## Supplied data
_ _ _ _ _ _ _
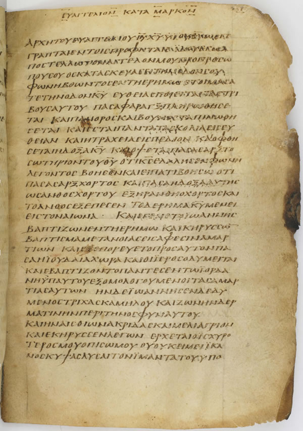 The-good-news according-to MARK.ΑΡΧΗ ΤΟΥ ΕΥΑΓΓΕΛΙΟΥ ΙΥ ΧΥ [ΥΙΟΥ ΘΥ] overwritten
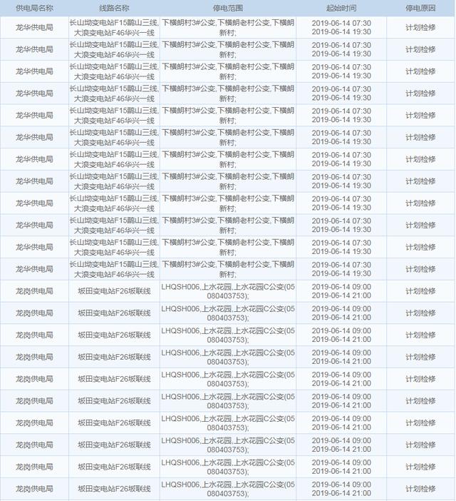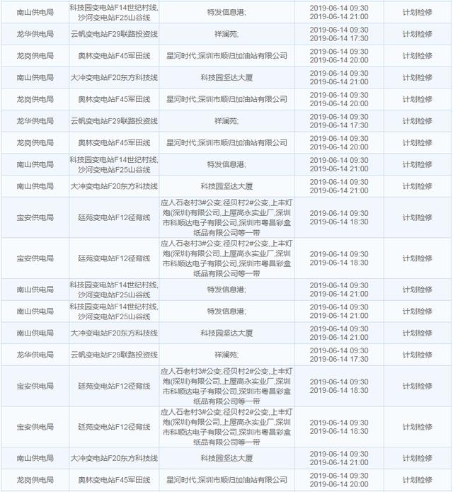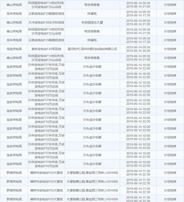 南方電網(wǎng)發(fā)布6月13日至6月16日深圳停電計劃 涉及多個區(qū)
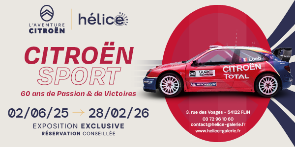 In uno spazio unico di oltre 1.100 m², Hélice Galerie a Flin ospita dal 2 giugno 2025 una retrospettiva inedita che ripercorre la storia sportiva della Marca al doppio Chevron: dai primi veicoli preparati e iscritti ufficialmente ai rally nel 1965 e dalla creazione del reparto Competizioni Citroën, fino ai trionfi nel WRC e nel WTCC negli anni 2000 e 2010.
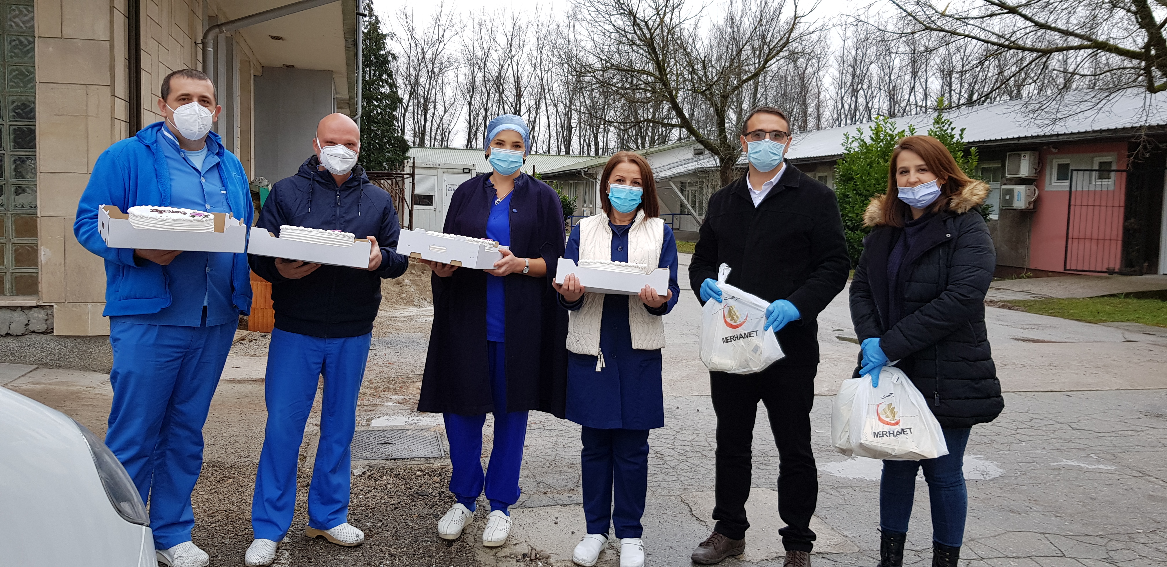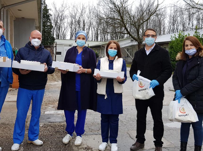 Ljekarima i ostalom medicinskom osoblju, koji se već nekoliko mjeseci hrabro suočavaju sa brojnim izazovima zbog posljedica koronavirusa, “Merhamet” je dostavio voće, torte i kahvu sa simboličnim natpisom “Budimo odgovorni”.
_ _ _ _ _ _ _
## Your objective
Give back the material above exactly, without pictures.

## Solution to the problem
 The-good-news according-to MARK.ΑΡΧΗ ΤΟΥ ΕΥΑΓΓΕΛΙΟΥ ΙΥ ΧΥ [ΥΙΟΥ ΘΥ] overwritten
 南方電網(wǎng)發(fā)布6月13日至6月16日深圳停電計劃 涉及多個區(qū)
 In uno spazio unico di oltre 1.100 m², Hélice Galerie a Flin ospita dal 2 giugno 2025 una retrospettiva inedita che ripercorre la storia sportiva della Marca al doppio Chevron: dai primi veicoli preparati e iscritti ufficialmente ai rally nel 1965 e dalla creazione del reparto Competizioni Citroën, fino ai trionfi nel WRC e nel WTCC negli anni 2000 e 2010.
 Ljekarima i ostalom medicinskom osoblju, koji se već nekoliko mjeseci hrabro suočavaju sa brojnim izazovima zbog posljedica koronavirusa, “Merhamet” je dostavio voće, torte i kahvu sa simboličnim natpisom “Budimo odgovorni”.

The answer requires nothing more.